I am trying to implement the method of Campbell et al. 2020 to estimate Covid-19 infection rates (IR) and infection fatality rates (IFR) from observed positive tests and Covid-attributable deaths, accounting for preferential testing of infected individuals. As warned in the paper, I am encountering identifiability issues estimating IR and IFR. The authors suggest using strongly informative priors on the IFR between-group variance under the assumption that fatality rates should be quite similar between jurisdictions/time periods, which I have implemented in Stan as follows:

``````data {
int<lower = 0> J;  // number of groups
int<lower = 0> N;  // total population (same for all groups)
int<lower = 0> T_all[J];  // total number of tests
int<lower = 0> T_pos[J];  // number of positive tests
int<lower = 0> D[J];  // number of covid deaths
}
parameters {
// infection rate
real<lower = 0> s_IR;  // IR between-group std deviation
real mu_IR;
vector<offset = mu_IR, multiplier = s_IR>[J] logit_IR;   // log-odds infection rate

// infection fatality rate
real<lower = 0> s_IFR;  // IFR between-group std deviation
real mu_IFR;
vector<offset = mu_IFR, multiplier = s_IFR>[J] logit_IFR;   // log-odds IFR

vector[J] log_w;      // log of preferential testing ratio
}
transformed parameters{
vector<lower = 0, upper = 1>[J] IR_pref;  // prob for preferential testing approx
vector<lower = 0, upper = 1>[J] IFR_pop;  // marginalized over true infections
vector<lower = 0>[J] w = exp(log_w);  // preferential testing ratio
// approximately an odds ratio for w close to 1
vector<lower = 0, upper = 1>[J] IR = inv_logit(logit_IR);  // infection rate
vector<lower = 0, upper = 1>[J] IFR = inv_logit(logit_IFR);  // infection fatality rate

for(j in 1:J){
IR_pref[j] = 1 - pow((1 - IR[j]), w[j]);  // prob for preferential testing approximation
IFR_pop[j] = IR[j] * IFR[j];  // marginalize over true infections
}
}
model{
// likelihood
T_pos ~ binomial(T_all, IR_pref);  // binomial approximation for preferential testing
D ~ binomial(N, IFR_pop);  // deaths marginalizing over true infections

logit_IR ~ normal(mu_IR, s_IR);
logit_IFR ~ normal(mu_IFR, s_IFR);
mu_IR ~ normal(-2, 1);  //  < ~50% infection rate
mu_IFR ~ normal(-3, 1);  // < ~30% fatality rate (still high)
s_IR ~ normal(0, 1);
s_IFR ~ normal(0, 0.01);  // assume IFR similar between groups
log_w ~ normal(2, 1);  // greater weight on preference for positive cases
}
generated quantities{
int<lower = 0> C[J];
C = binomial_rng(N, IR);  // simulate true infection count
}
``````

The number of positive tests under preferential testing should follow Fisher’s non-central hypergeometric distribution (I think), but I do not understand the probability math well enough to implement it as a custom distribution in Stan (although I would welcome help on that front).

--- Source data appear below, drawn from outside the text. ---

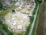 UAV view of the edge of a controversial housing development in rural Essex, UK. The entrance to the development is on the right.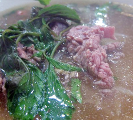 粉紅色牛肉經由熱湯下去讓她慢慢熟,吃起來無比的軟嫩而且帶有著一點香甜的滋味再跟著湯一起攪和~再跟著湯...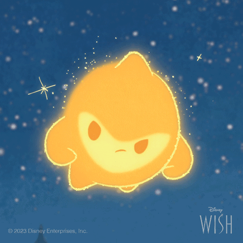 The glowing, orange Star character from Disney's Wish looks angry, floating in a starry night sky.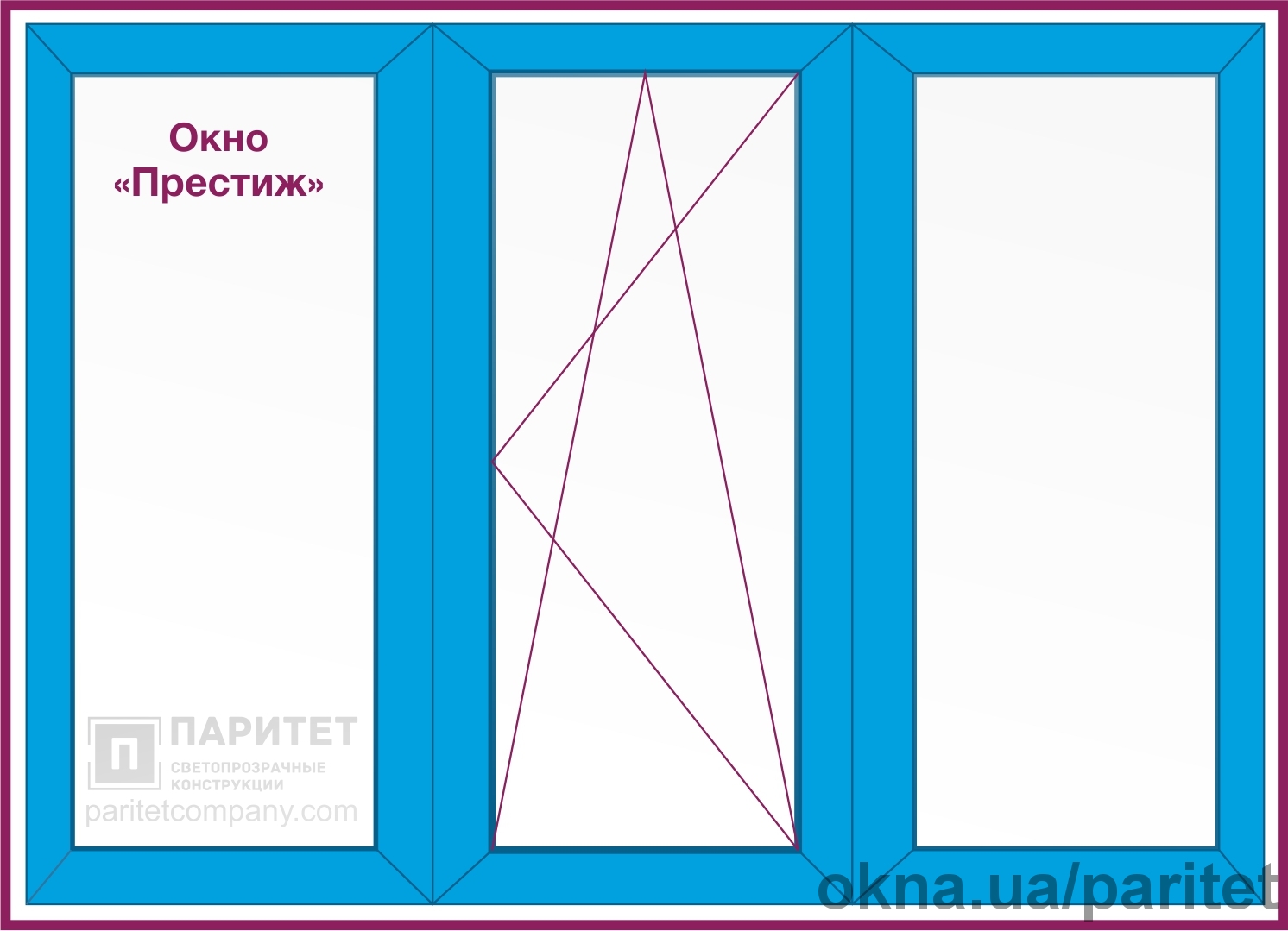 Трехстворчатое глухое – правое поворотно откидное – глухое окно `Престиж`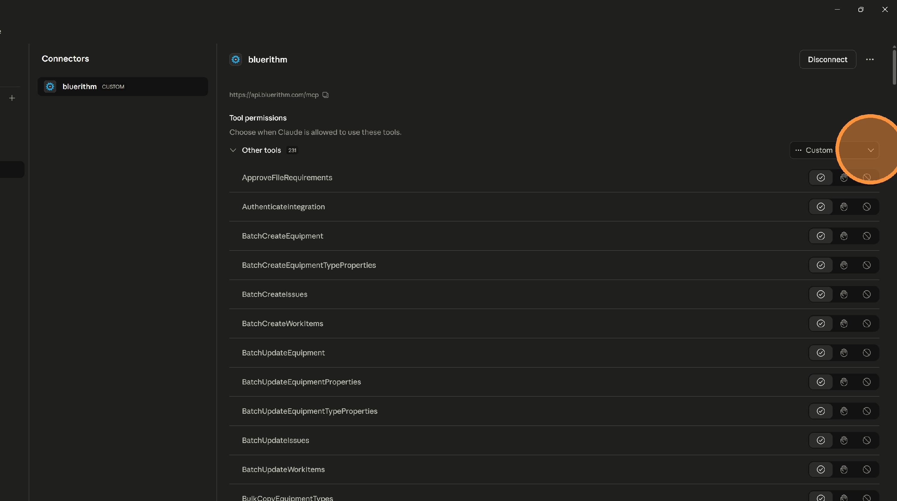 Once authenticated, you’ll return to Cowork and see the full list of tools — the backend connection points Cowork can use in Bluerithm. At the time of this writing there are over 200 tools available. It’s worth reviewing the default permission for each.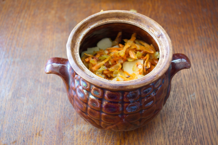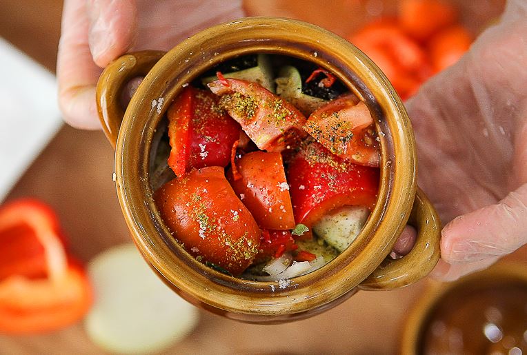 На дно немного разогретых горшков укладываем по небольшому кусочку бараньего жира, под воздействием высокой температуры он растопится и не даст пригореть содержимому горшочков. Сверху кладем лук, чеснок, баклажаны, фасоль и картофель. Теперь наступает черед мяса. Кусочки баранины укладываются плотным слоем в центр горшочка. Следом идут четвертинки сладкого, сочных красного и желтого перцев, половинки помидора. Затем добавляем перец-чили и аджику. Лучше всего чтобы все время нарезания и укладывания овощей горшочки для чанахи разогревались на плите.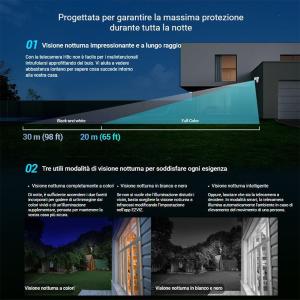 Il sensore PIR garantisce un rilevamento preciso dei movimenti, mentre la funzione di human detection distingue le persone da altri oggetti per ridurre i falsi allarmi. L’audio bidirezionale consente di comunicare in tempo reale con chi si trova davanti alla telecamera.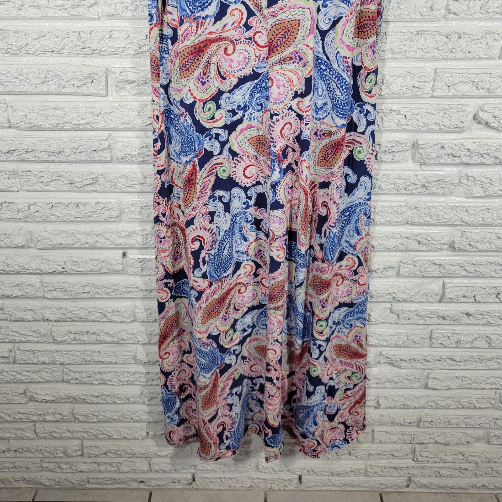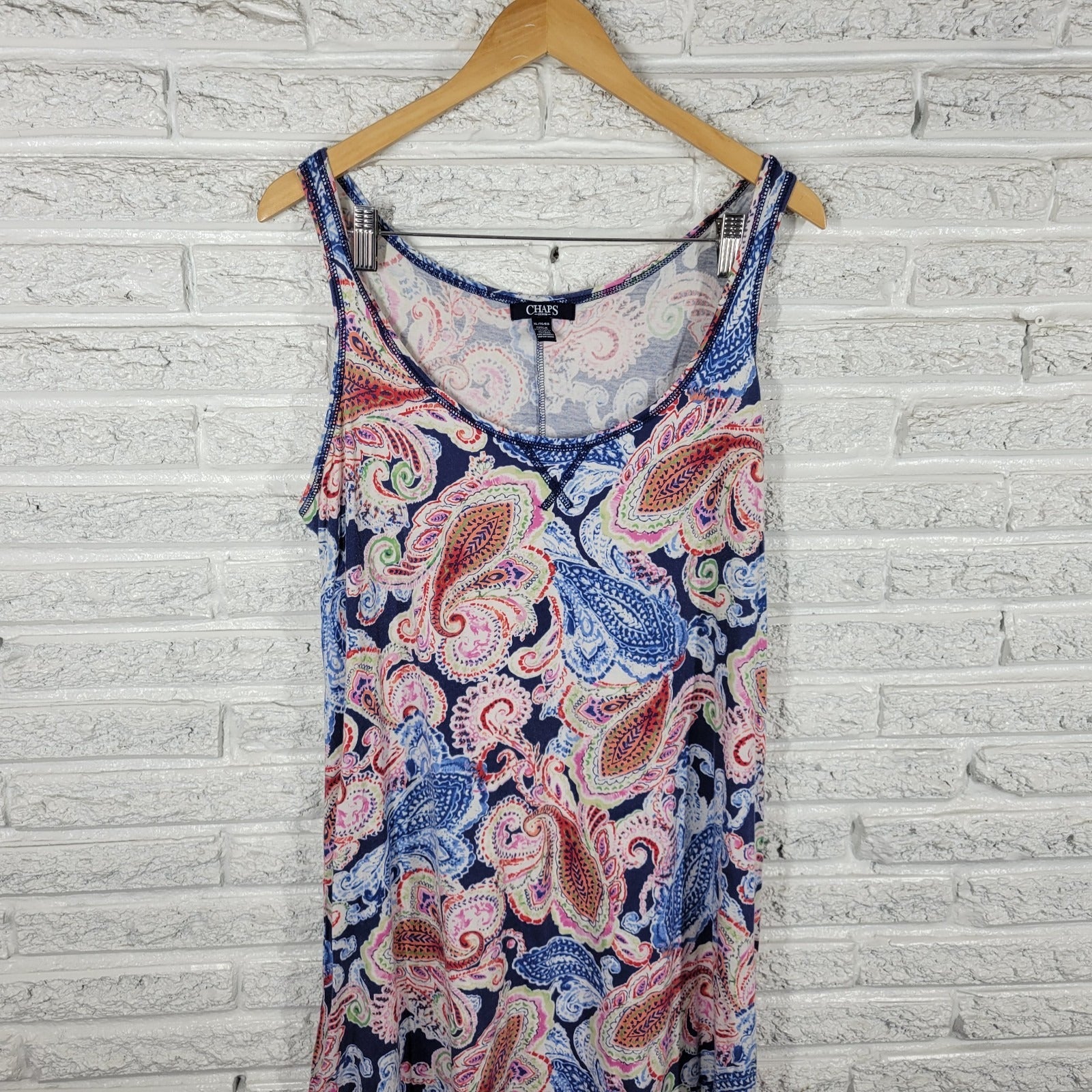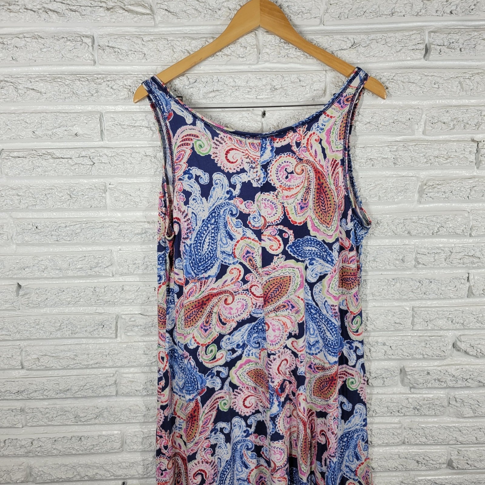 Chaps Womens Dress Extra Large Tank Midi Blue Pink Paisley Cotton Comfy Casual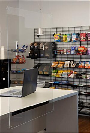 This hanging acrylic sneeze guard is perfect for cashiers in convenience stores, markets, retail shops, or banks to help keep a healthy social distance. This clear protective guard allows for everyday business transactions to occur with an added layer of safety. Each 23″ x 31″ hanging acrylic sneeze guard allows for many different placement styles. The four drill holes in the corners allow you to hang this piece from the ceiling with hardware or fasten it to a flat surface. Industrial strength hook and loop strips are also included as another mounting option for this protective guard. This hanging acrylic sneeze guard is a great way to protect your cashiers and customers while also helping enforce social distancing guidelines in your store.
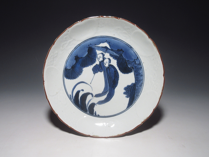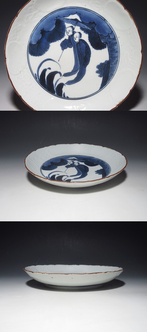 藍九谷で、この意匠は、ちょくちょく見かけますが、縁に陽刻が施されたものは、当方も初見です。通常の傘唐人文は、このお皿の陽刻がないものか、陽刻がなく、二重圏線の部分が七宝繋ぎ文もになっているものと思います。陽刻は、藍九谷の十八番ですので、よく見かけますが、陽刻と傘唐人の組み合わせは希少品で、是非、コレクションに加えて頂きたい一枚です。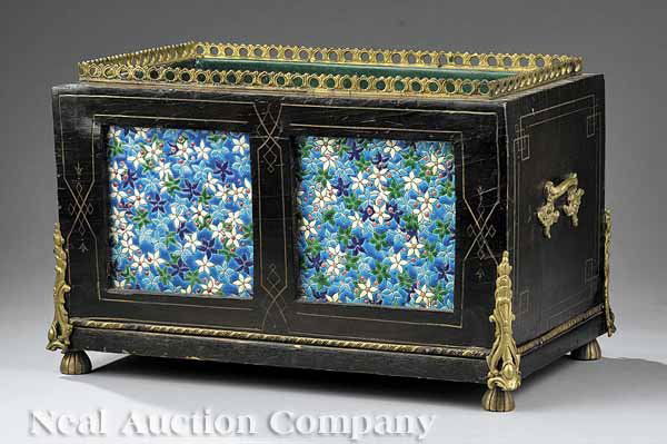 Ebonized, Gilt Bronze, Faience Mounted Jardiniere

Instead I am using the binomial approximation suggested by the authors in my model while simulating test data from the FNC hypergeometric:

``````## simulate data
set.seed(12345)

J <- 5  # number of groups (time periods)
N <- 1e7  # total population (of NC)

mu_IR <- -2 # mean log-odds infection rate
mu_IFR <- -3  # mean log-odds fatality rate

s_IR <- 0.5  # log-odds infection rate std
s_IFR <- 0.01  # log-odds fatality rate std

logit_IR <- rnorm(J, mu_IR, s_IR)
logit_IFR <- rnorm(J, mu_IFR, s_IFR)

IR <- inv_logit(logit_IR)  # infection rate
IFR <- inv_logit(logit_IFR)   # fatality rate

N_pos <- rbinom(J, N, IR)
N_neg <- as.integer(N - N_pos)
D <- rbinom(J, N_pos, IFR)

T_all <- rbinom(J, N, runif(J, 0.01, 0.1))  # total tests, testing rate < 10%
w <- runif(J, 1, 10)  # preferential testing odds ratio

# noncentral hypergeometric function apparently not vectorized
for(j in 1:J){
T_pos[j] <- BiasedUrn::rFNCHypergeo(1, N_pos[j], N_neg[j], T_all[j], w[j])
}

dat <- list(
J = J,
N = N,
T_all = T_all,
T_pos = T_pos,
D = D
)

## fit stan model
model <- stan_model(code)
fit <- sampling(model,
data = dat,
control = list(max_treedepth = 15),
warmup = 2000,
iter = 3000)

print(fit, digits = 3,
pars = c("s_IR", "s_IFR", "mu_IR", "mu_IFR", "IR", "IFR", "w", "C"),
probs = c(0.025, 0.5, 0.975))

pairs(fit, pars = c("IR", "IFR", "IR", "IFR", "lp__"))
``````

I had to increase the max_treedepth to 15 but otherwise the model fit without divergent transitions and decent Rhats. However, the estimates for IR and IFR were pulled towards each other, with the IRs all too low and the IFRs all too high. The pairs plot shows very high correlation between IR, IFR, and w (preferential testing ratio).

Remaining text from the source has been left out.